無料ブログはココログ

« 難聴について | トップページ | 医療保険の行方(1) (2) 社会保障審議会医療保険部会での主な意見(案) »

2014年7月27日 (日)

龍の谷から 17~西方指南抄の記名がわたしを行空に向かわせる

水月・文

前々から私が行空に興味をもったのは何故かという質問を受けながら、お答えしていませんでした。
それは自分のなかでも少し混沌としていて、明確に申すことができなかったからです。
いま改めて頭を整理してみますと、以前お送りし、サイト上にアップしてくださった拙論に書いておりますが、親鸞聖人が『西方指南抄』所収の「七箇条制誡」連署名に、190名全体を省略し(『西方指南抄』では200余名といっています)、22名だけ記しています。そのうち最後の3名は原本の順番とは異なっています。「蓮生(れんせい)、善信(親鸞聖人のこと)、行空、已上」です。ここに親鸞聖人の意図があると考えられます。
蓮生はもと源氏の武士で熊谷次郎直実です。『平家物語』に出ているんだったかな、一の谷の合戦で平敦盛を殺した人物です。源平の戦いのなかとはいえ、敦盛を殺してしまったことを悔い、武士をやめて法然聖人の弟子となりました。おそらく親鸞聖人はこの蓮生と親交をもっていたと思われます。それで連署名に「蓮生」と記したのでしょう。そして自分の名「善信」を記し、次に「行空」の名を挙げ、「已上(以上)」と結んでいます。これです。この2文字です。
これに注目したのです。行空は当時から今日にいたるまで、法然門下の異端として見られてきました。そうではないのではないかという先学もいますが(松野純孝氏や梯實圓氏)、何せ行空については資料が乏しいため、その詳しい事蹟や学説はわかりません。それで先学も正面きって行空を取り上げることはほとんどといっていいくらいありません。せいぜい触れる程度です。でもそれは今いったように資料が乏しいから仕方のないことです。それゆえ法然門下の異端というレッテルを貼られたままです。ところが親鸞聖人は「行空」と記名しています。もし本当に行空が異端であるなら、親鸞聖人の記名はなかったのではないか、それがあるということは親鸞聖人が行空を法然門下として認めていることではないか、もっといえば「行空」という記名は決して異端であったのではないという親鸞聖人のメッセージではないか、と思ったのです。
これを私は仮りに「西方指南抄の記名」と呼びます。この前提をもとに、行空が造悪無碍者(阿弥陀仏はどんな悪いことをしても救ってくださるのだから、どんどん悪いことをすればいいという誤った言動をする人)といわれることを否定し、少なくとも真宗に流れをくむものは行空観を改めねばならないと主張しました。それが拙論「法本房行空上人と造悪無碍」です。
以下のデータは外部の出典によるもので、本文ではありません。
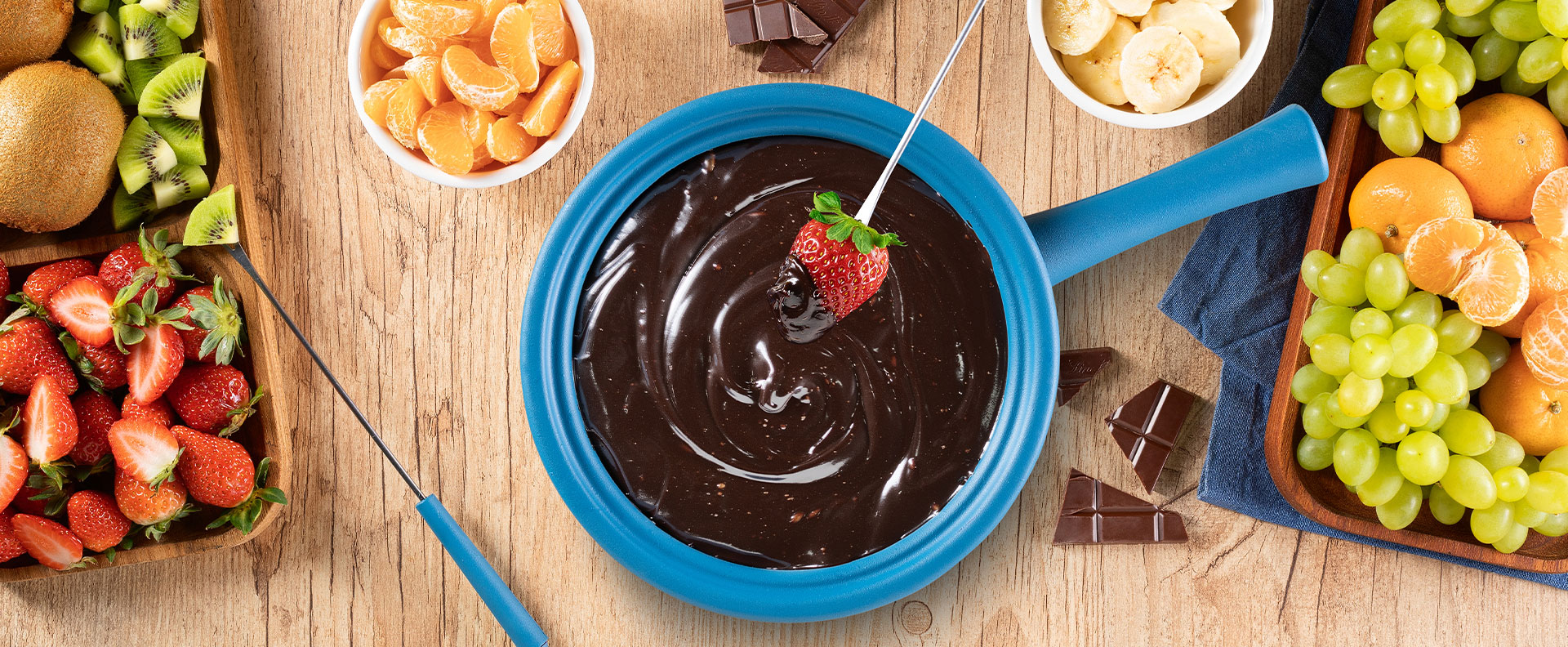 E para a sobremesa, você poderá escolher entre uma variedade de frutas frescas, como Damasco, Morango, Kiwi, Uvas sem Semente Oba Bem Querer e Banana. Além disso, a nossa linha exclusiva de chocolates com qualidade Callebaut garantem um toque especial ao fondue, trazendo doçura e cremosidade na medida certa.
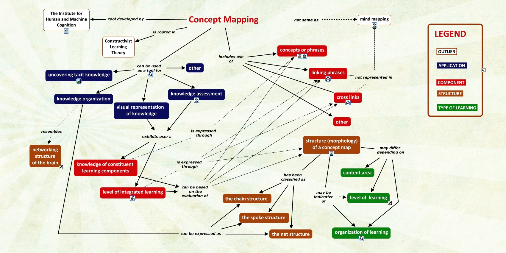 This Concept Map, created with IHMC CmapTools, has information related to: Viktoria_CMapping, structure (morphology) of a concept map has been classified as the spoke structure, knowledge of constituent learning components can be based on the evaluation of cross links, knowledge assessment exhibits user's knowledge of constituent learning components, knowledge of constituent learning components can be based on the evaluation of structure (morphology) of a concept map, structure (morphology) of a concept map may be indicative of level of learning, visual representation of knowledge exhibits user's knowledge of constituent learning components, level of integrated learning is expressed through linking phrases, cross links not represented in mind mapping, knowledge organization resembles networking structure of the brain, structure (morphology) of a concept map may differ depending on level of learning, linking phrases not represented in mind mapping, structure (morphology) of a concept map has been classified as the net structure, Concept Mapping not same as mind mapping, level of integrated learning can be based on the evaluation of linking phrases, knowledge organization can be expressed as the net structure, level of integrated learning can be based on the evaluation of cross links, structure (morphology) of a concept map has been classified as the chain structure, level of integrated learning can be based on the evaluation of structure (morphology) of a concept map, Concept Mapping includes use of other, Concept Mapping can be used as a tool for knowledge assessment
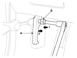 Используя торцевую головку (В), снимите ручку открывания капота (А).
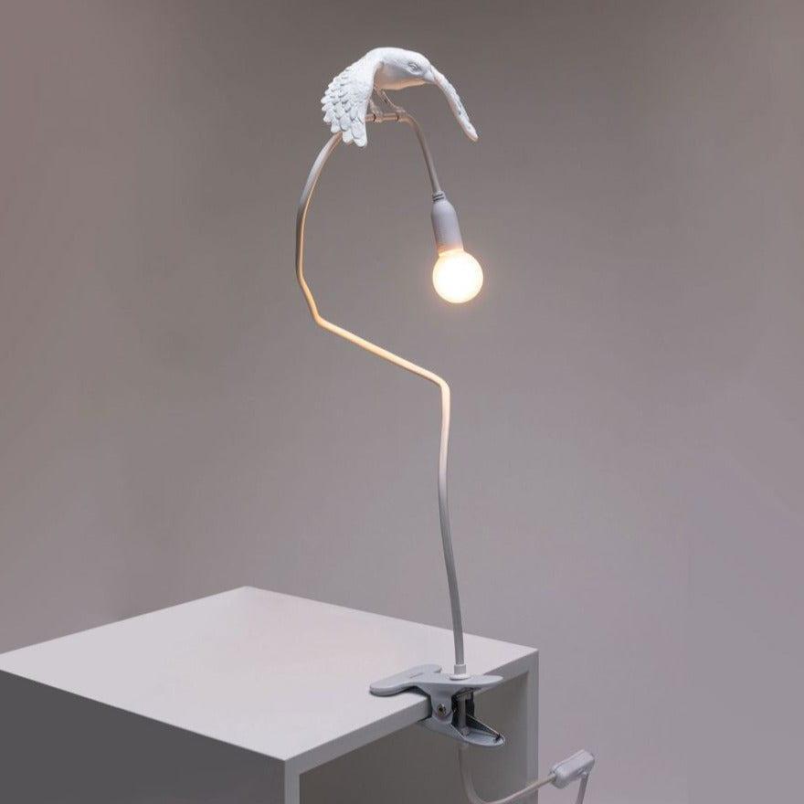 Table lamp with clamp sparrow taking off white
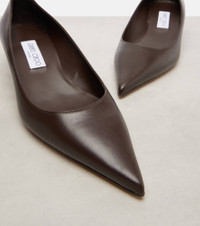 Perfect for desk, dinner, and beyond, Jimmy Choo's Amelia pumps are Italian-crafted from supple leather. The elegant pair is set on low 35mm kitten heels and shaped into a timeless pointed-toe silhouette. Product Details - Upper: calf leather - Lining: leather - Sole: leather insole, leather and rubber sole - Toe shape: pointed toe - Made in Italy - Includes: shoe box, dust bag - Designer color name: Chocolate - Item color: brown - Item number: P01071056 Size & Fit - Fits slightly large to size - we recommend trying a half size smaller - European sizes - 3,5cm-1.5" heel (size EU 38)
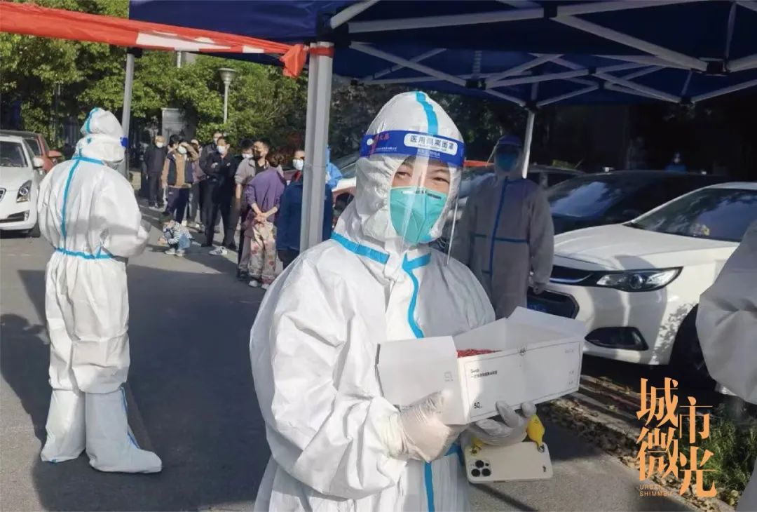 期间除了防疫物资的搬运及发放工作,在集体做核酸时,她还要负责现场秩序的维护,防止做核酸人员聚集,造城交叉感染;有些居民没有听到广播,她也会每栋楼挨户通知居民做核酸;遇到行动不方便的老人、盲人,更是主动上前搀扶,把他们送到做核酸地点。
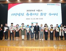 데일리연합 (SNSJTV) 김민제 기자 | 창원특례시는 23일 시청 시민홀에서 ‘2025년도 4분기 시정발전 유공시민 표창 수여식’을 개최했다. 이날 수여식에서는 지역사회와 시정 발전을 위해 공헌한 시민 107명과 함께, ▲2025년 하반기 최고 경영인상 김현기 ▲최고 노동자상 강창열 ▲농업인 대상 변태안 ▲일자리 창출 우수기업 ㈜지성큐앤텍, 엠엔에스아이㈜, 몽고식품㈜)등이 수상의 영예를 안았다. 또한, 김해시 마라톤 대회 현장에서 쓰러진 참가자를 발견하고 신속한 응급처치로 소중한 생명을 구한 창원특례시청 김봉재 주무관이 그 공로를 인정받았다. 장금용 창원특례시장 권한대행은 “올 한 해 각자의 자리에서 지역 발전을 위해 묵묵히 봉사해 주신 수상자 여러분께 진심으로 감사드린다”며, “앞으로도 창원시는 공동체를 위해 헌신한 분들이 존중받고 격려받을 수 있도록 최선을 다하겠다”고 말했다.
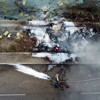 Malatya'nın Darende ilçesinde otobüse çarptıktan sonra duvara vuran TIR yandı.
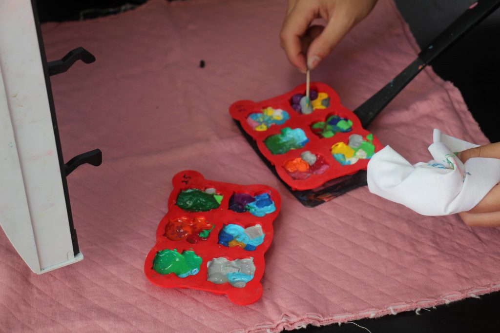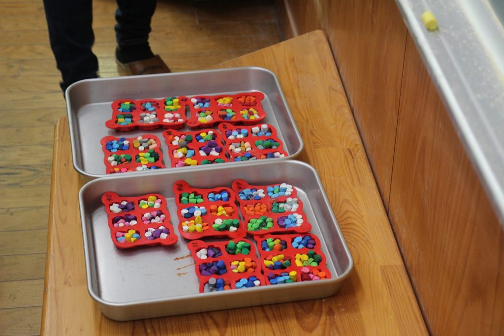 切ったクレヨンを専用の型に入れていきます。各机を回って好きな色のクレヨンを入れてカラフルにしていきます!
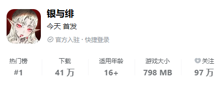 從這些維度來看,《銀與緋》展現出了一種和當下主流二遊截然不同的特質,也正因如此,早在正式公測前,遊戲就在 TapTap 上收穫了超 84 萬預約和90萬關注,位列預約榜第二。如今遊戲正式上線,這份熱度也成功兑現,轉化為了實打實的活躍用户和熱門榜第一。
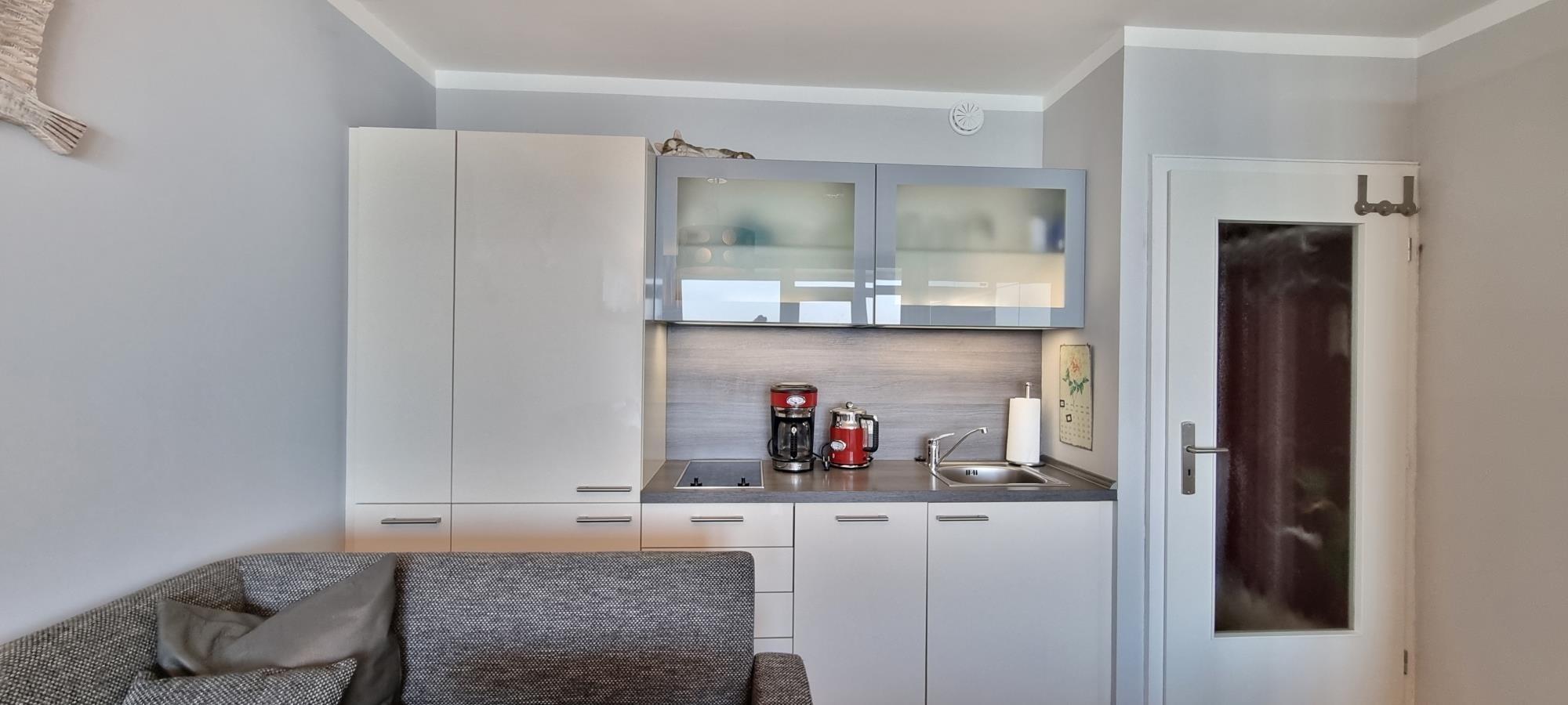 Die Küchenzeile ist kompakt, aber erstaunlich gut ausgestattet – inklusive Induktionskochfeld, Kühlschrank, Kaffeemaschine und allem, was Sie für den Urlaub brauchen.

そしていま、その「西方指南抄の記名」から行空の学説について試考しているところです(何度も申すように資料が乏しいから「試考」といわざるをえません)。そうすると、きわめて親鸞聖人的な行空像になる危険性がありますが、それはそれでよしとし、学会に一石を投じてみたいのです。そして、あわよくば行空の名誉回復ができればと思っています。そこで行空自身に興味が生まれたわけですが、その発端は親鸞聖人の「西方指南抄の記名」というメッセージを受け取り、その意味を探ってみようとしたところにあります。もともと行空に惹かれていたというのではありません。
 
そこで、私は高野山本覚院開基の行空や、福岡県八女市にある高野堂「行空上人の墓」に直接興味があるわけではありません。ただそれらが、今いう法然門下の行空と同一視されているから、問題にしているだけです。もしそれらが同一人であるとすれば、法然門下になる前の行空、佐渡島流罪以後の行空になるからです。けれども、それらは法然門下の行空と年代がピタリと合うのですが、同名異人と思われます。なぜなら本覚院の行空は法華の行者とされているからであり、高野堂は墓標の正面に「高野山講坊先師行空上人」とあるからです。そうすると、同時代に同名の行空がいたということになって、偶然と片付けてしまうには一抹の不安があります。それで本覚院や高野堂の行空を調べているわけです。
 
なお、行空と同じく法然門下の異端とされた人物に成覚房幸西がいます。親鸞聖人はこの幸西と非常に思想的境位が近いです。おそらく交渉をもっていたと思われます。鎮西派からは、行空とこの幸西と、そして親鸞聖人の三人が法然門下の異端と見なされてきました。ただ親鸞聖人に関しては後に真宗教団が強大になったことから真宗学者がこぞって反論がなしてきました。しかし幸西の系統は室町時代くらいかな、途絶えてしまったので、反論する人がありませんでした。それが大正年間、幸西自身の著書である『玄義分抄』が発見されたことから、幾多の学者が研究が進め、幸西の教学が正確に知られることになり、異端でないことが明らかになりました。それは『玄義分抄』の発見ということが大きな転機になっています。ところが行空にはそうした著書がないのです。それゆえ行空は異端のレッテルが貼られたままです。そこで私は、行空自身の著書にかわるものとして、「西方指南抄の記名」に注目したのです。この親鸞聖人のメッセージからどこまで行空の実像を引き出せるか、私の力量ではおぼつかないかぎりですが、取り組んでいるところです。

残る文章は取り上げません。